4. Le logement étudiant, une priorité pour développer la mobilité
Enfin, en complément des crédits du présent programme et à la suite du « Plan 40 000 » qui visait à créer 40 000 nouveaux logements étudiants pendant le quinquennat précédent 19 ( * ) , le Gouvernement a annoncé un plan de construction de 60 000 nouveaux logements 20 ( * ) pour les étudiants.
Le financement de ce nouveau plan est prévu dans le Grand Plan d'Investissement de 57 milliards d'euros. D'après les informations recueillies par votre rapporteur spécial, 22 000 places ont déjà été identifiées et devraient pouvoir être livrées entre le 1 er janvier 2018 et le 31 décembre 2020.

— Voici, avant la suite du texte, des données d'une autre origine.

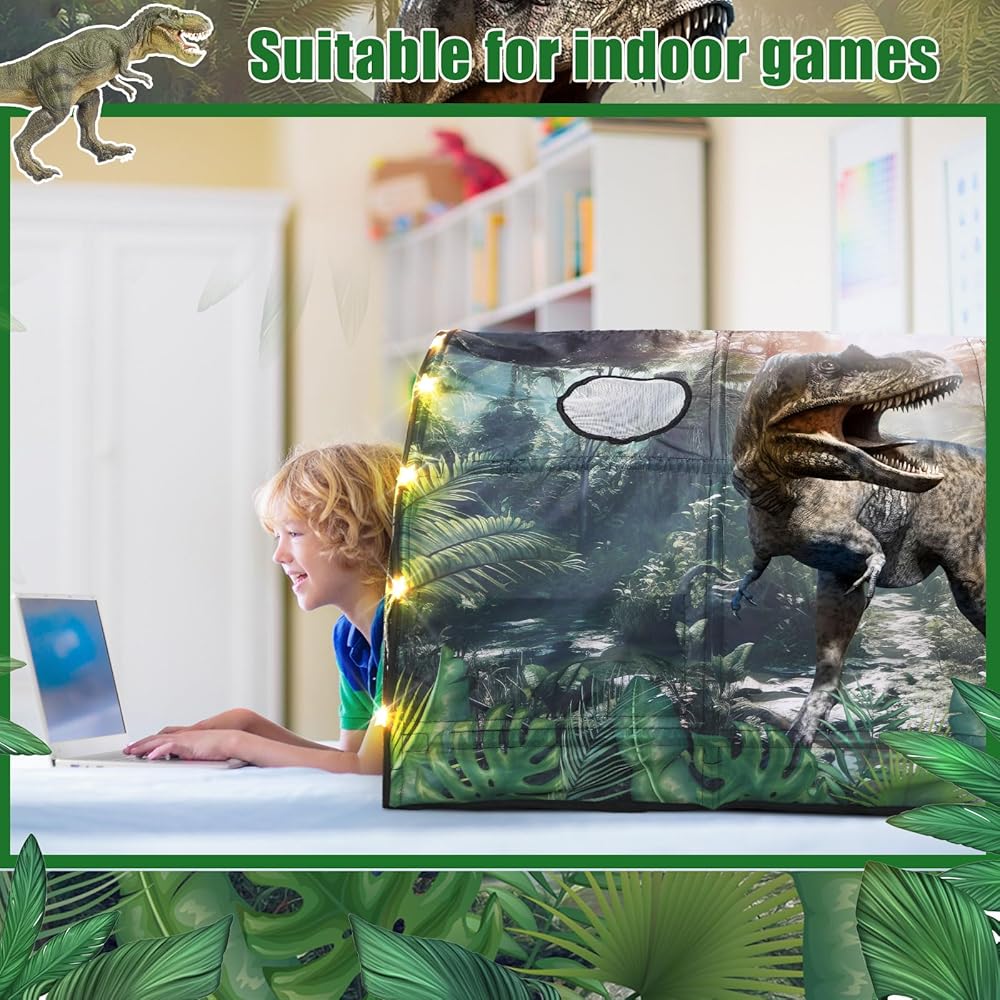 Endless Possibility: the dinosaur playhouse tent is ideal for all kinds of gatherings and events; From dinosaur theme parties and birthday parties to indoor play for conditions of weather; This tent also serves beautifully for outdoor activities such as camping; With its versatility, children can enjoy the magic of the tent in various scenarios and settings
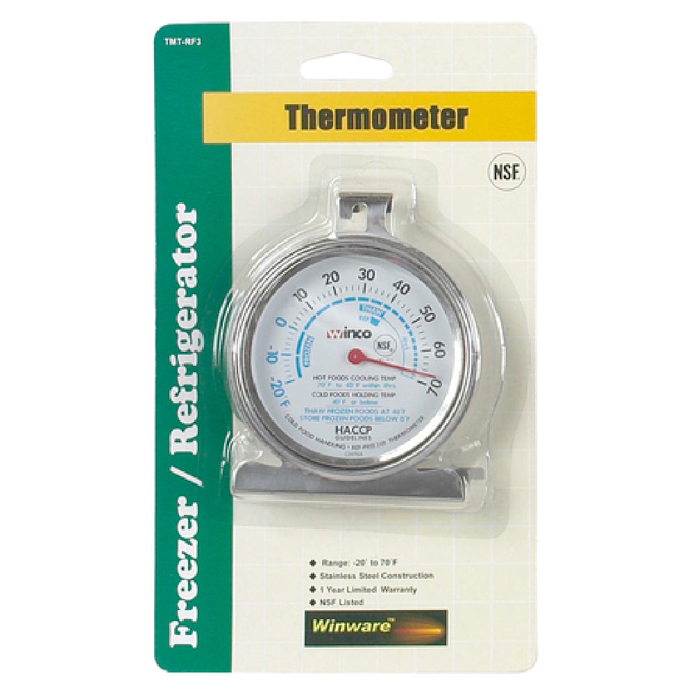 The Winco TMT-RF3 Refrigerator/Freezer Thermometer is a reliable instrument designed to ensure accurate temperature monitoring within a broad range of -20° to 70° F. Featuring a 3-inch diameter dial face, this thermometer offers a clear and easy-to-read display, ensuring precise readings that are critical for maintaining optimal food safety standards. It includes a built-in hanging hook and standing panel, providing versatile placement options to suit varied refrigeration and freezer configurations. This adaptability makes it a valuable asset in commercial kitchens, catering operations, and any industry where temperature control is paramount. The thermometer is HACCP-compliant, highlighting its alignment with international food safety protocols, and it is NSF certified, assuring users of its quality and safety. These certifications underline its suitability for professional environments that prioritize health regulations. Whether you're operating a restaurant, a hospital kitchen, or a food processing unit, the Winco TMT-RF3's robust construction and reliable performance make it an indispensable tool for safeguarding food integrity and ensuring compliance with stringent safety standards. Its practical design and durable functionality cater to the specific needs of diverse market segments, reinforcing its reputation as a trusted choice for temperature management in professional settings.
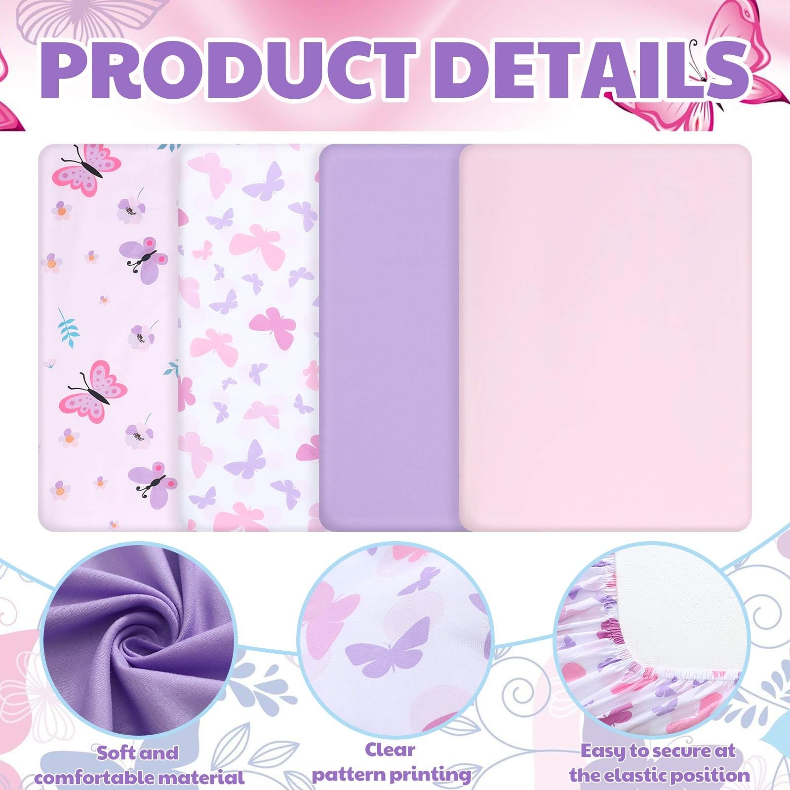 4 Pack Butterfly Baby Crib Set for Girls Standard Size Crib Mattresses Soft B...
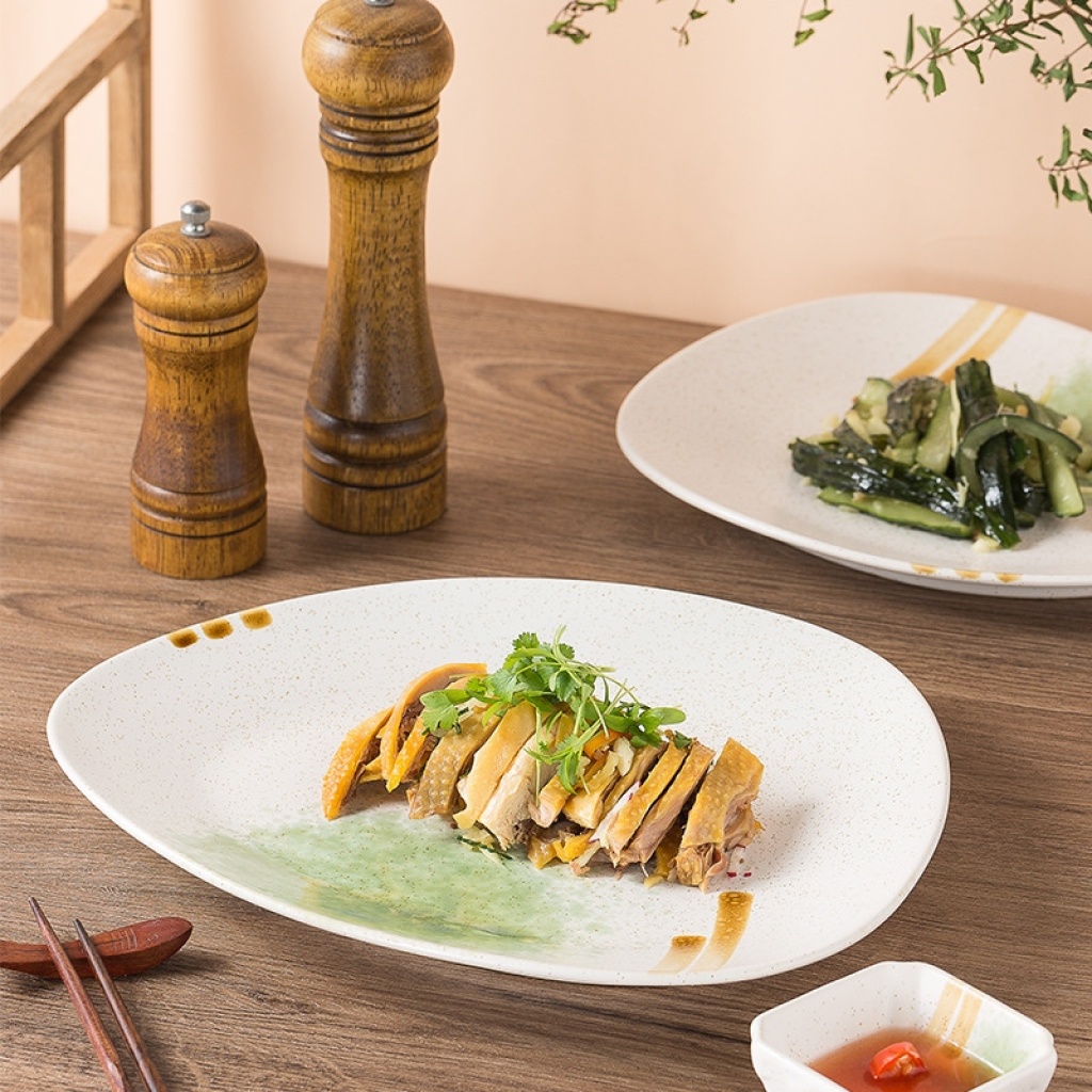 japanese style hand drawn special-shaped plate ceramic creative dinner plate household hotel tableware nordic creative irregular deep plates h
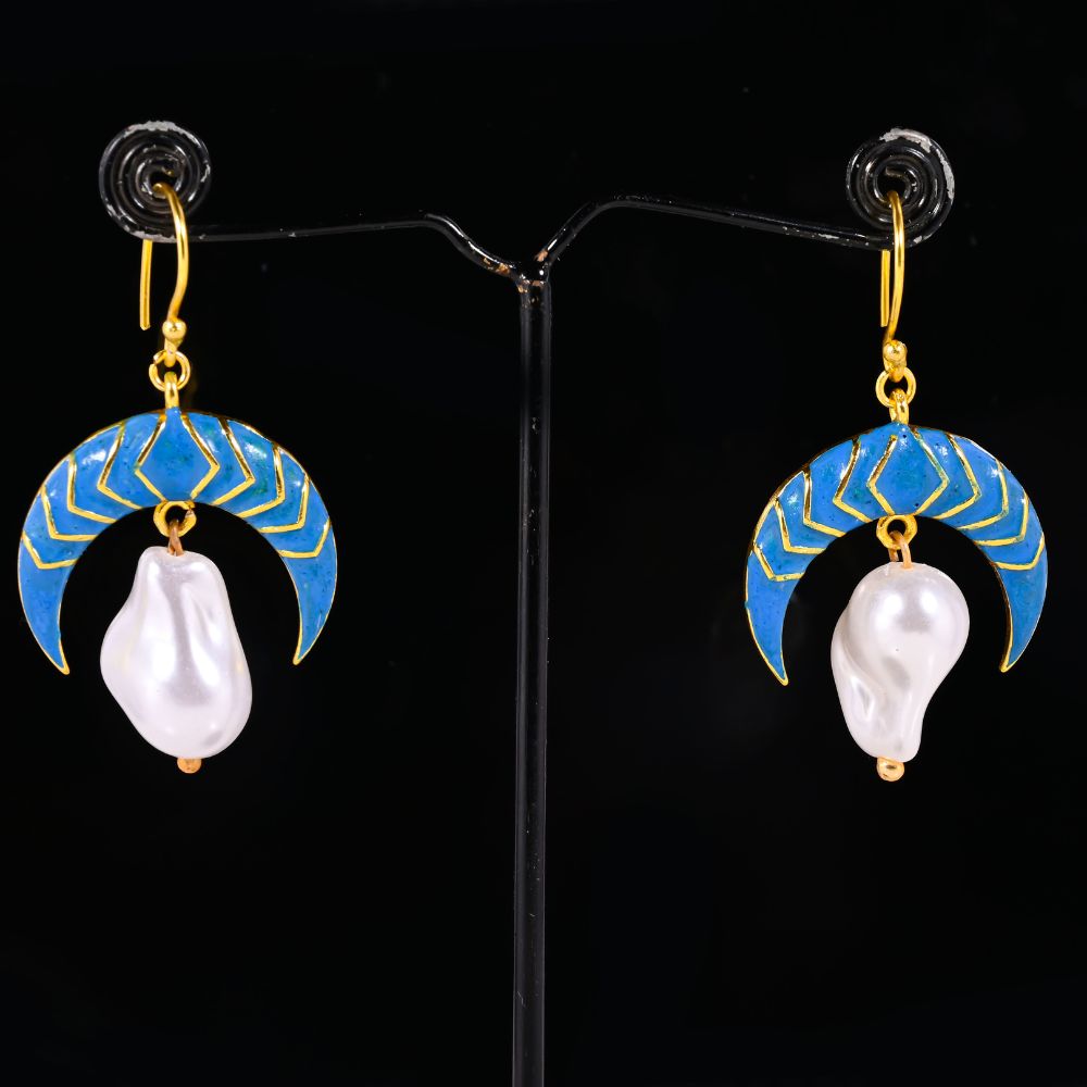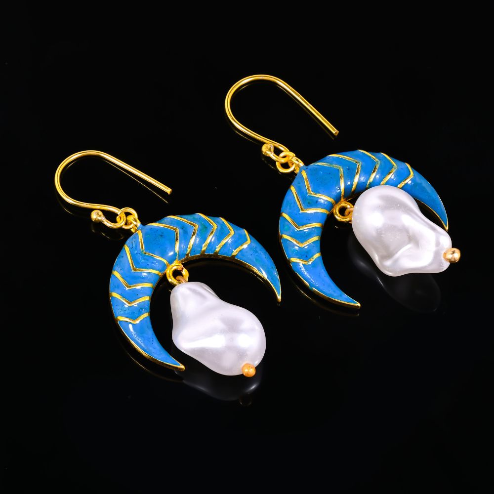 The Blue Enamel and Pearl Crescent Moon Dangle Earrings for Women blend celestial symbolism with refined artisan craftsmanship. Crafted in brass and finished with rich 22K gold plating, the crescent moon silhouette is highlighted by deep blue enamel and softened with delicate pearl accents. The gentle dangle adds fluid movement, creating a look that feels poetic yet polished. Designed to be lightweight and expressive, these earrings elevate both festive and everyday elegance.
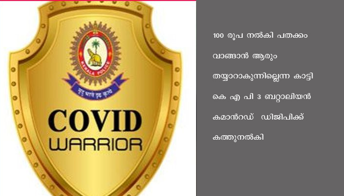 തിരുവനന്തപുരം: കോവിഡ് ഡ്യൂട്ടി ചെയ്ത പോലീസുകാര്ക്ക് ബഹുമതിയായി കോവിഡ് വരിയര് എന്ന ചെറുപതക്കം നല്കാന് സര്ക്കാര് തീരുമാനിച്ചിരുന്നു. എന്നാല് 100 രൂപ നല്കിയാണ് പതക്കം വാങ്ങേണ്ടത്. 100 രൂപ നല്കി പതക്കം വാങ്ങാന് ആരും തയ്യാറാകുന്നില്ലെന്ന കാട്ടി കെഎപി 3 ബറ്റാലിയന് കമാന്റഡ് ഡിജിപിക്ക് കത്തുനല്കി. ബഹുമതിയായി നല്കേണ്ട പതക്കം 100 രൂപ നല്കി വാങ്ങണമെന്ന ഡിജിപിയുടെ നിര്ദ്ദേശത്തിനെതിരെ സേനയില് അമര്ഷം പുകയുയുകയാണ്.

Votre rapporteur spécial soutient cette démarche, le développement des logements étudiants est un élément essentiel pour favoriser la mobilité des étudiants.
Il se félicite de la mise en place de deux innovations pratiques qui devraient faciliter l'obtention d'un logement par les étudiants :
- d'une part, la création d'un « bail mobilité », contrat de location d'une durée d'un à dix mois qui ne nécessitera pas de dépôt de garantie et qui favorisera la colocation étudiante par une clause de non-solidarité entre locataires ;
- d'autre part, la généralisation du dispositif Visale , système de caution locative gratuite et dématérialisée, garantie par l'État et accessible à tout étudiant quels que soient ses ressources et le type de logement qu'il occupe.
* 17 Rapport général n° 140 (2016-2017), Tome III, annexe 25.
* 18 Rapport d'information n° 729 (2015-2016).
* 19 De fait, quelque 40 391 places nouvelles ont été créées pendant cette période, dont, comme prévu, près de la moitié (19 904) sont situées en Ile-de-France.
* 20 Ce plan prévoit également la création de 20 000 places pour les « jeunes actifs ».